The European Commission published a proposal for a directive on harmonising certain aspects of insolvency law at the end of last year. Its objective is to pursue harmonising the existing national insolvency regulations. This should result in a better capital markets union, increased security for investors, reduced costs and promoting cross-border investments.

Prefer social secu­rity funds

The European Commission's proposals also focus on standardising the conditions for annulment actions. They are also aimed at being able to declare legal acts null and void if they favour a creditor. But there are exceptions to this principle.

German Social Insurance (DSV) also claims such an exception for its sponsoring organisations for statutory health, pension and accident insurance in Germany: Their legal acts to satisfy or secure social security contributions should be exempt from being contested and should not be possible to declare them null and void. This is why DSV has submitted a proposed amendment.

Social secu­rity funds are forced cred­i­tors

The arguments for this are obvious. The claims from the social security institutions should not be equated with claims under private law during insolvency proceedings. Social insurance agencies cannot choose their contractual partners because of their statutory insurance and contractual obligations. They are forced creditors. Social security contributions are also part of wage and salary payments. It is contradictory that they are not to be given preferential treatment – unlike wage and salary claims.

Company restruc­turing from contri­bu­tion funds

The current legal practice in Germany results in the social security system being deprived of funds through a bad debt in the event of insolvency or a claim against contributions that have already been paid. Funds whose use is stipulated by law to protect the insured and stabilise the systems. Money that is now deemed to be part of the insolvency estate will flow into the settlement fund for creditors under private law or into the restructuring of the insolvency debtor. This is handled differently in other member states, e.g. France.

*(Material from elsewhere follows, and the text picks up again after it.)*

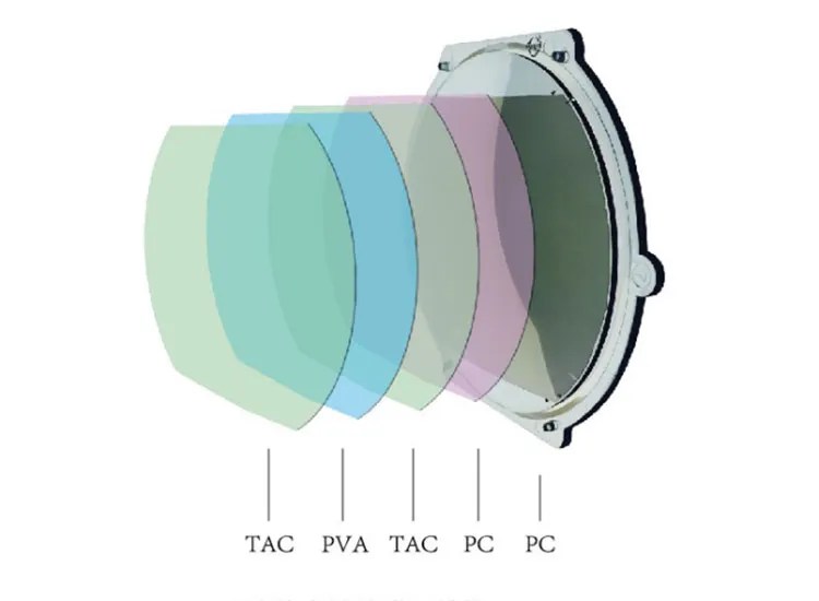 The polarizing layer effectively absorbs reflected glare perpendicular to the transmission axis, while allowing polarized lenses to absorb 99% of ultraviolet light. This layer eliminates reflected light and glare, improves visual comfort and clarity, and protects the eyes from ultraviolet light.

Court of Justice of the EU

The European Court of Justice has its own view of things. It considers partial exemption from social charges to be an unlawful aid, depending on the effect of the measure (judgement of 17 September 2020 (case number C-212/19). The view of the German social security authorities and the view of the argumentation of the Luxembourg court is that the presumption of unlawful aiding and abetting would be close at hand if the contestability of social security contributions already paid were allowed.